To develop representative morphological subtypes for automatic classification, we further regrouped these 19 clusters according to morphological similarity and molecular functional characteristics, supported by evidence reported in the literature. The result is six subtypes: small globules, swollen globules, straight tubules, twisted tubules, branched tubules and loops. These subtypes provide useful indicators of specific cell conditions, and will be used as a basis for generating manually labeled mitochondria as training sets.

Small globules (Figure 1A) comprise the largest clusters in the clustering results. Swollen globules (Figure 1B) are in fact found as outliers in the clusters of small globules, since their number is too small to be distinguished by unsupervised clustering. But they are an important morphological subtype of mitochondria, suggested to represent dysfunctional mitochondria undergoing mitophagy by previous investigations [9]. Therefore, we separated swollen globules manually from the clusters of small globules using the mean plus 3 standard deviation of the area as a reference threshold to form another subtype.

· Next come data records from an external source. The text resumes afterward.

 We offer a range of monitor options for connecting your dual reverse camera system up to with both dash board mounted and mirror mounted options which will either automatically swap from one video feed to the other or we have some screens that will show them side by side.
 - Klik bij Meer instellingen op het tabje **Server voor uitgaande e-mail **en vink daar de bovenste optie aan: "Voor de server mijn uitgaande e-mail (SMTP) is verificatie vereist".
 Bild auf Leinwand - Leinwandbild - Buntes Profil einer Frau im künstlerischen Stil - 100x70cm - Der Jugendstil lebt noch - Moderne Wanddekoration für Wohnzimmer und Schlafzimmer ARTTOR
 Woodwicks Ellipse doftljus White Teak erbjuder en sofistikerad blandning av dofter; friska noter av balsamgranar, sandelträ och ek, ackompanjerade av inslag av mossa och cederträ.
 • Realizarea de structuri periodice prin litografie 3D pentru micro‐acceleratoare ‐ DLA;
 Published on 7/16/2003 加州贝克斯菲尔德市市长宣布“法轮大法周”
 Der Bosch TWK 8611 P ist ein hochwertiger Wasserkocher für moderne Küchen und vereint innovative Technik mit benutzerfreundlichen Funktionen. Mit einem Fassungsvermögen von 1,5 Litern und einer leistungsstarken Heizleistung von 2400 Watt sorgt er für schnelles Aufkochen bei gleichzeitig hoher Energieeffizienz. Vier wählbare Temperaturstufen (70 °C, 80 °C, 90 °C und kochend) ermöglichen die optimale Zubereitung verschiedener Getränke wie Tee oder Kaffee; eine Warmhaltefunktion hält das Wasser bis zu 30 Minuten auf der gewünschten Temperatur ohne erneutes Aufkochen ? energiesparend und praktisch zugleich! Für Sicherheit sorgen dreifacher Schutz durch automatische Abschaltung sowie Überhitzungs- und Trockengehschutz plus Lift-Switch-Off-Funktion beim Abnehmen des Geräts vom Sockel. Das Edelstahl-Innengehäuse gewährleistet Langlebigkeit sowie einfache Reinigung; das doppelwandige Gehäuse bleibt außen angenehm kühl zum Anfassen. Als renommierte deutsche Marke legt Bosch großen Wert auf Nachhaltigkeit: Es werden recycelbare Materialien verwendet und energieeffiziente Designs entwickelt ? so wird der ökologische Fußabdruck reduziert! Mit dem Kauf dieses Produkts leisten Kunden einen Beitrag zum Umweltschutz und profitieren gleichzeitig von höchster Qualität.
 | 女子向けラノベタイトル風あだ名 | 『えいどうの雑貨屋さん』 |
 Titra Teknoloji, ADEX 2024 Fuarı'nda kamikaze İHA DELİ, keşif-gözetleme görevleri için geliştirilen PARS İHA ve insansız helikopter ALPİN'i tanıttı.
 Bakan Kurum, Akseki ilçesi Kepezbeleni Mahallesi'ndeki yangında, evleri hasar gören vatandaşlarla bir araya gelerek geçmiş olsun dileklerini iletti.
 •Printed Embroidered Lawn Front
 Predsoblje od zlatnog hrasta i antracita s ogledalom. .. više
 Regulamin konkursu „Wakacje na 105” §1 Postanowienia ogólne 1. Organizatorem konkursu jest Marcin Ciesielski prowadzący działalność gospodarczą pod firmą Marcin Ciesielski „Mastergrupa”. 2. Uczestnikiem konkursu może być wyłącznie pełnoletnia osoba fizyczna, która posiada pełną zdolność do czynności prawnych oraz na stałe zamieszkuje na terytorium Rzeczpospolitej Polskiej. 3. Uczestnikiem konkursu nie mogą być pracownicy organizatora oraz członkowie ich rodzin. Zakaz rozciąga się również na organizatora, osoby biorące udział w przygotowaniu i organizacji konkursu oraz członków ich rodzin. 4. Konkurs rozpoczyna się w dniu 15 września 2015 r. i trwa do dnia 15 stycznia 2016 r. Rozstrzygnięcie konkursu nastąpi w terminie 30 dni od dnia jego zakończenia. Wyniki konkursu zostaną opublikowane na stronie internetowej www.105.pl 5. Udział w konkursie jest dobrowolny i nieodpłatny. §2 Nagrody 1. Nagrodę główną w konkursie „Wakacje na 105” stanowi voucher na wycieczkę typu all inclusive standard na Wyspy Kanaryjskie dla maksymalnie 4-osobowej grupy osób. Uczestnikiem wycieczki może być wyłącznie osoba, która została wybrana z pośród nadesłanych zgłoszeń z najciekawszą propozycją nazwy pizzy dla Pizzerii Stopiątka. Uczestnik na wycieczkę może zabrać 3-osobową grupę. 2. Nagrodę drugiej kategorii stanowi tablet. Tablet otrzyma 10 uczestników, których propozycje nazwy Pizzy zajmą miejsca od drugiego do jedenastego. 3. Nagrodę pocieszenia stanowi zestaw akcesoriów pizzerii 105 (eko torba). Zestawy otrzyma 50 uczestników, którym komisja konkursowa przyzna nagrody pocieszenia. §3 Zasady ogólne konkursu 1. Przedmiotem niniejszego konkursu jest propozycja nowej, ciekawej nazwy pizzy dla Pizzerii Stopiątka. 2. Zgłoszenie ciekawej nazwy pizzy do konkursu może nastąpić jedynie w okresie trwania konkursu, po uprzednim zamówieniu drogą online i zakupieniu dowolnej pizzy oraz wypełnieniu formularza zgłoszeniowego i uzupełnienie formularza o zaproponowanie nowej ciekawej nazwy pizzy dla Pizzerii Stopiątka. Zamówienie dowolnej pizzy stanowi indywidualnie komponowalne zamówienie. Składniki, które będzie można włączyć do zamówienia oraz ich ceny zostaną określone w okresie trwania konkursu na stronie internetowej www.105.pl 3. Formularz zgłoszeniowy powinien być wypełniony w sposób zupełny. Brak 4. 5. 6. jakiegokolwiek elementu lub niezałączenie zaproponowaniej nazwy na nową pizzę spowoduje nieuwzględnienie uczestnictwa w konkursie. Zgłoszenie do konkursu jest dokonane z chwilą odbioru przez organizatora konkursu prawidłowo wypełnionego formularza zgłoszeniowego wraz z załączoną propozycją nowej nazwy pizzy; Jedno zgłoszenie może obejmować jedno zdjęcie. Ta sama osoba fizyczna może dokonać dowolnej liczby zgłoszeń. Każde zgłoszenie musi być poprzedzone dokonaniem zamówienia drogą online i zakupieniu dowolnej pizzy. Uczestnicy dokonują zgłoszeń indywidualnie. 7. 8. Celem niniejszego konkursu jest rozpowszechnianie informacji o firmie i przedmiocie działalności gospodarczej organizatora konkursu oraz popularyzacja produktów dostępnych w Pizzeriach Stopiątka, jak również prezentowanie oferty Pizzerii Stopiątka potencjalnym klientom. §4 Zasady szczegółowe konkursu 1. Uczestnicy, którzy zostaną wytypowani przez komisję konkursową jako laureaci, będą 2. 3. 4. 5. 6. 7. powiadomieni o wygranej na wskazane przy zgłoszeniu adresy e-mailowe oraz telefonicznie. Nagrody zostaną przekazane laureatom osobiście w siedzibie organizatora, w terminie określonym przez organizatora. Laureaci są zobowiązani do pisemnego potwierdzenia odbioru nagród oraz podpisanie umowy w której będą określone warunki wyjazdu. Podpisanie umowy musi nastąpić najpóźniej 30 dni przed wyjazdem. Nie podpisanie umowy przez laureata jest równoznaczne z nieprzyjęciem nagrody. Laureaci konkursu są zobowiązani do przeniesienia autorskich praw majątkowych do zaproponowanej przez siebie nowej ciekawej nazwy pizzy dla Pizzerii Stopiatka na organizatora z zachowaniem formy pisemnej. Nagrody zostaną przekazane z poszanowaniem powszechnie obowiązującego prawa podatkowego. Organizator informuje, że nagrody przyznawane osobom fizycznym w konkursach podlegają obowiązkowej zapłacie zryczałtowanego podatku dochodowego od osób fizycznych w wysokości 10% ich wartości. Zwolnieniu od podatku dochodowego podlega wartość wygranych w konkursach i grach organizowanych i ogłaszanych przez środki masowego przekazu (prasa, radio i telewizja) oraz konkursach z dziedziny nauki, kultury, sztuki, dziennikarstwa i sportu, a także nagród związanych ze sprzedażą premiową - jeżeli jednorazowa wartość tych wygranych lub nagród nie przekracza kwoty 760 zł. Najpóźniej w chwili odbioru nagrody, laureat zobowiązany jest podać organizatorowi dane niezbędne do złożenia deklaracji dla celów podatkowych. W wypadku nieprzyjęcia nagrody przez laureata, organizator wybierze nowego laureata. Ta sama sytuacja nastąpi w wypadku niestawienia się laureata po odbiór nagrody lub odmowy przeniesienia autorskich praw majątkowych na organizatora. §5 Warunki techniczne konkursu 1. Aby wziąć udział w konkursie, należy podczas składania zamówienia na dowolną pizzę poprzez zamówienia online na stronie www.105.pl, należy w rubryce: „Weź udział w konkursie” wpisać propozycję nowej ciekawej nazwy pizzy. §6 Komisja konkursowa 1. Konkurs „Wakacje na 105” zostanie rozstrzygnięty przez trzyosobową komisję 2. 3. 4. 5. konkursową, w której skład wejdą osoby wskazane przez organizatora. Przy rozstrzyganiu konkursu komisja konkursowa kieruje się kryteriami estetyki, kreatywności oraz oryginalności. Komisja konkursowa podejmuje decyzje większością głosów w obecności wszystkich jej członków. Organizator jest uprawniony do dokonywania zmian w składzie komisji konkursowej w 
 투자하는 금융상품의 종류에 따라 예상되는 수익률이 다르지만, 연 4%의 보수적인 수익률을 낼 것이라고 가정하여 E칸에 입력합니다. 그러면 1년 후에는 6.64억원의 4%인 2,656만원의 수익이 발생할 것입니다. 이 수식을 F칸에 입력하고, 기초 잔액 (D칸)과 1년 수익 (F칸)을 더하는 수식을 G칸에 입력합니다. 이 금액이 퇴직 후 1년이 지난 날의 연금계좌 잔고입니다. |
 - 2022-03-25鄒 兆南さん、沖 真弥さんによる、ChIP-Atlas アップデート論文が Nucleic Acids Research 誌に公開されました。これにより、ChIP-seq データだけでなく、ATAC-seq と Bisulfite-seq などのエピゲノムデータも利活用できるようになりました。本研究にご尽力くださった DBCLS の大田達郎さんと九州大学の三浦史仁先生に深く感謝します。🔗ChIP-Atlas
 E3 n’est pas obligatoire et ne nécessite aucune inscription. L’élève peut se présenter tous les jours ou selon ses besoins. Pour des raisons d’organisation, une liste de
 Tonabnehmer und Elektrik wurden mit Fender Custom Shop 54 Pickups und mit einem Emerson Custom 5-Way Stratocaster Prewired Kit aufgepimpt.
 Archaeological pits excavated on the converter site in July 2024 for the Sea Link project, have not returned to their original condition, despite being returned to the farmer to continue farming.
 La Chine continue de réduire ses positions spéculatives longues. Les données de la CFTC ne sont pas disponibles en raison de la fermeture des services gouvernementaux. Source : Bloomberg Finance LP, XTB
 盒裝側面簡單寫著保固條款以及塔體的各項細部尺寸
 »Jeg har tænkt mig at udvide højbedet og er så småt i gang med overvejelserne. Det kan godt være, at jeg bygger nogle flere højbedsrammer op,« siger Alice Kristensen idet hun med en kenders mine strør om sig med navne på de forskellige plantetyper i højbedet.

Straight, twisted, and branched tubules were separated by unsupervised clustering into clusters of distinct lengths. However, we assumed that the difference in length only reflects different frequencies of fusion events but not different biological mechanisms of formation. Also, to the best of our knowledge, there is no report in the literature that explicitly distinguishes mitochondrial morphology by length. Thus length was excluded as a criterion to differentiate morphological subtypes. We merged five straight tubule clusters of distinct lengths (Figure 1D) into a single subtype, and similarly merged 3 clusters of twisted tubules (Figure 1E) and 5 clusters of branched tubules (Figure 1F). Twisted tubules have only three instead of five distinct lengths probably because longer twisted tubules have a higher chance to form branched tubules, and that tubules need to reach a certain length before they can become “twisted.” Mitochondria become twisted when they are not fully associated with microtubules, and portions of mitochondria not associated with microtubule motors will collide with water molecules and become twisted. It was observed from our time-lapse images (data not shown) that these twisted mitochondria are constantly moving. We consider only those mitochondria that exhibit these characteristics as “twisted tubules” but not those mildly curved ones.

Finally, we grouped “horseshoe” mitochondria with “donuts” into a single “loops” subtype (Figure 1C), since both of them maintain a much higher degree of stable curvature than twisted tubules. We observed that “horseshoe” mitochondria stably maintain a high degree of curvature, which would require extra force, e.g., inter-mitochondrial end-to-end fusion, to stabilize. In contrast, twisted mitochondria dynamically vibrate their ends due to collision with other molecules, e.g., water, which makes them appear twisted.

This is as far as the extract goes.